Patrick Noon pulled through as well. Tommy Carroll’s bullet had shattered a rib and damaged a lung, but Noon was out of the hospital in a few days. Leonard Cox also survived his wounds. He was absent four feet of his small intestine, and he’d be in the market for a new kneecap, but the prognosis was that he would live to see both his trial and the many, many years of prison time that likely stretched beyond that.
I’d huddled for two days with Remy Sanchez and lawyers from the district attorney’s office and laid out for them all that I knew or presumed I knew concerning Margaret King, Leonard Cox, Roberto Diaz, Angel Ramos, Tommy Carroll and Mayor Martin Leavitt. I was, may I say, the center of attention.

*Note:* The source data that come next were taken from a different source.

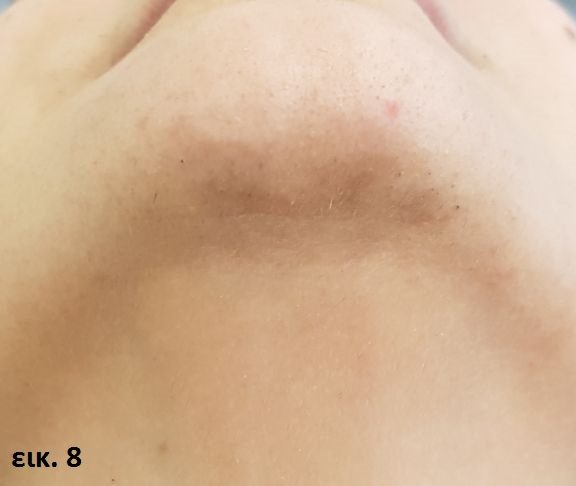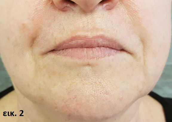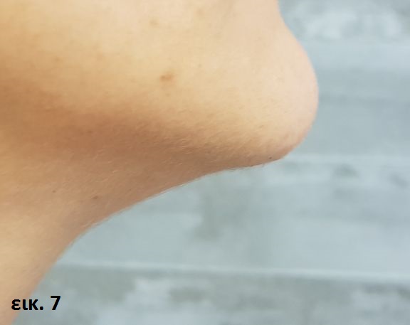 Υπάρχουν όμως και λιγότερο γνωστές χρήσεις του υλικού, όπως για παράδειγμα στο να λειάνει τις αύλακες άνωθεν (εικ. 3, 4) ή κάτωθεν του πηγουνιού (εικ. 5, 6, 7, 8), όταν αυτές είναι έντονες και συνεπώς ενοχλητικές.
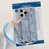 Чехол для iPhone 15 Pro с держателем для карт, ремешком на запястье, лакированной текстурой змеи, задняя крышка из ПУ+ПК со шнурком
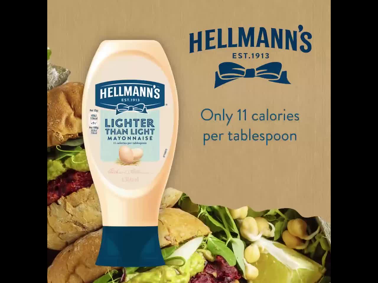 You can use Hellmann’s Lighter than Light Mayo for sandwiches, salads and burgers - enjoy the simple pleasure of good simple food
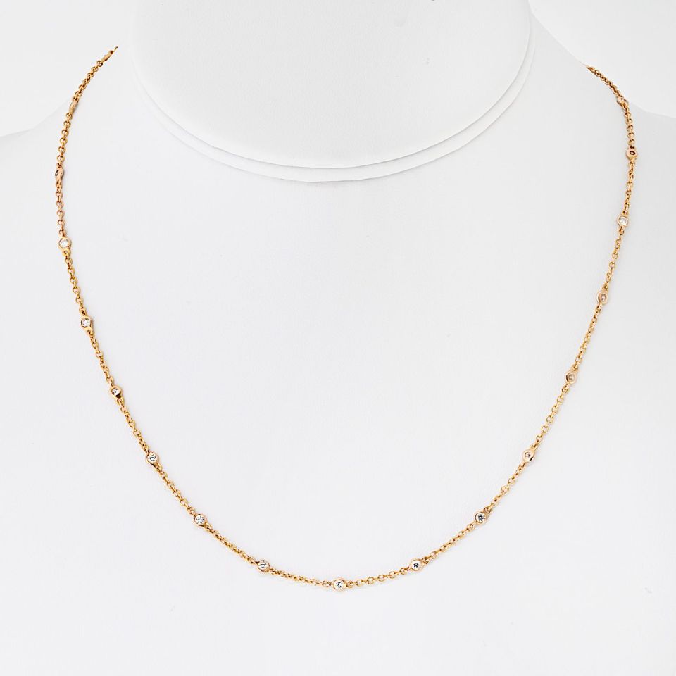 This petite Tiffany & Co. 18k Rose Gold Diamonds by the Yard Necklace is a delicate and timeless piece, perfect for adding a touch of elegance to any look. Featuring a total of 0.60 carats of sparkling round diamonds, each stone is expertly bezel-set to maximize brilliance. The soft warmth of rose gold enhances the dainty design, creating a refined and feminine aesthetic. Measuring 16 inches in length, it sits beautifully on the neckline, making it ideal for both everyday wear and special occasions. A classic piece that embodies Tiffany & Co.'s signature sophistication.
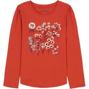 Lucky Brand Girls’ Long Sleeve Graphic T-Shirt, Tagless Cotton Tee with Fun Designs(Bossa Nova Botanical)
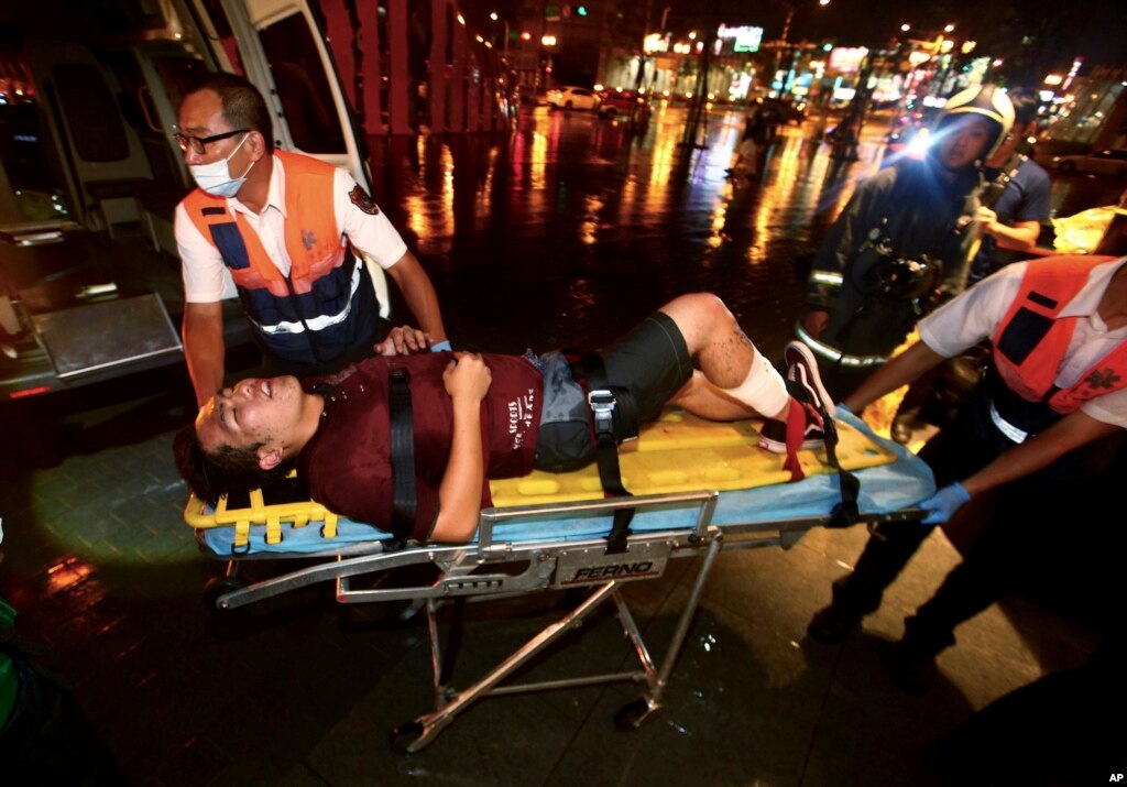 An injured man is helped by emergency rescue workers after an explosion on a passenger train in Taipei, Taiwan, Thursday, July 7, 2016.
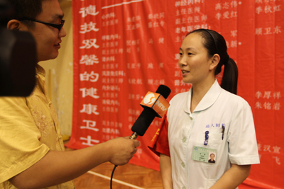 记者采访义诊志愿者
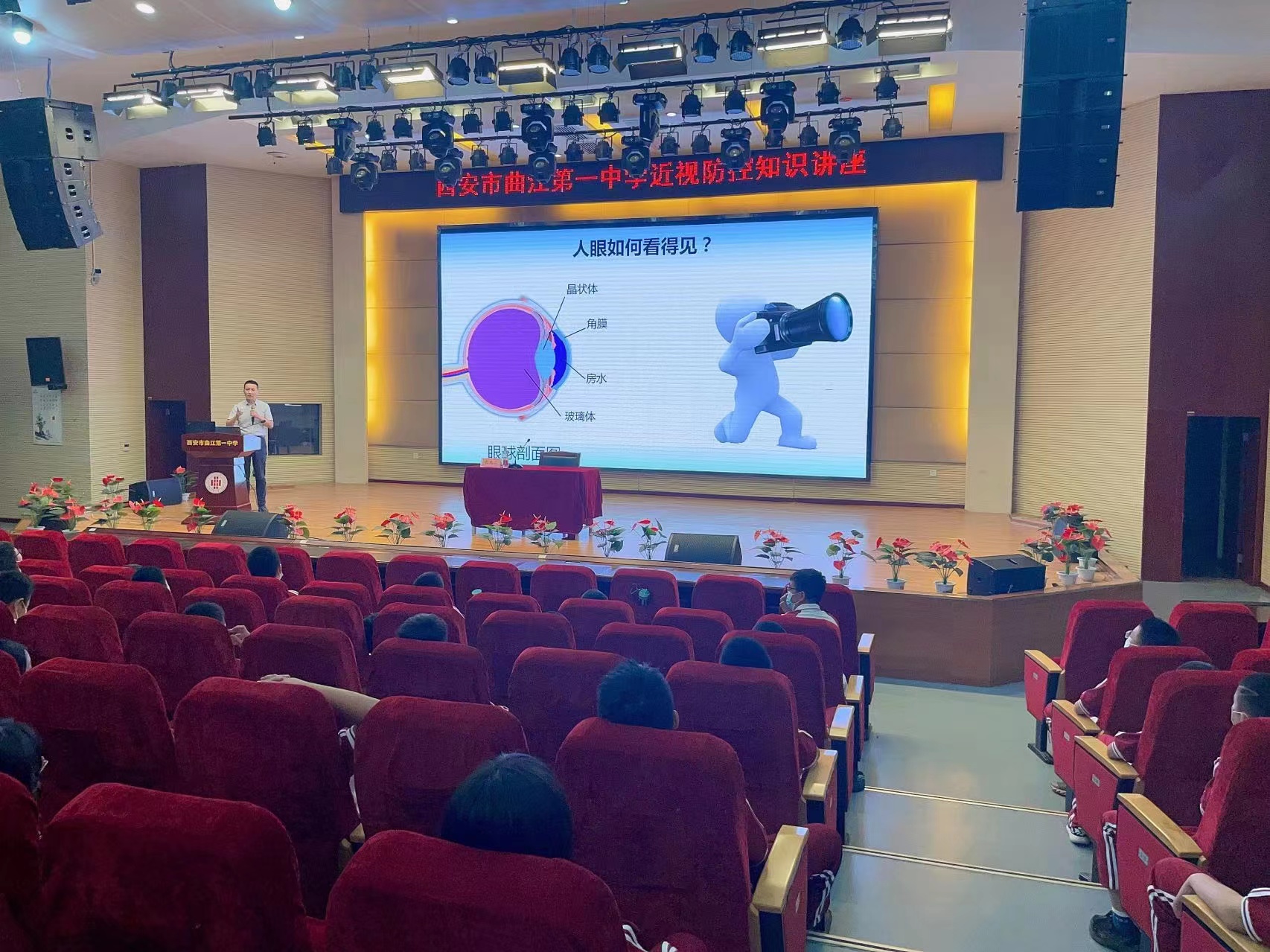 9月14日91论坛 眼科杜兆江主任作为曲江一中健康副校长受邀来到了曲江第一中学做了“家长和学校如何保护好孩子的眼睛”专题讲座。杜兆江博士与本校的老师和学生一起探讨眼健康、保护眼睛、近视防控的科学问题。

When it became clear that Cox was going to survive his wounds, I suggested a tactic that was debated for several hours and finally agreed upon. I proposed that Cox not be informed of Tommy Carroll’s suicide. He was kept away from radio and television and newspapers and from all personal visitors. His lawyers cried foul and declared that their client was also being kept away from his civil rights. Cox’s doctors announced—per instruction—that the health of their patient required this near-complete isolation and that yes, they would duly testify to that effect in court if requested to do so.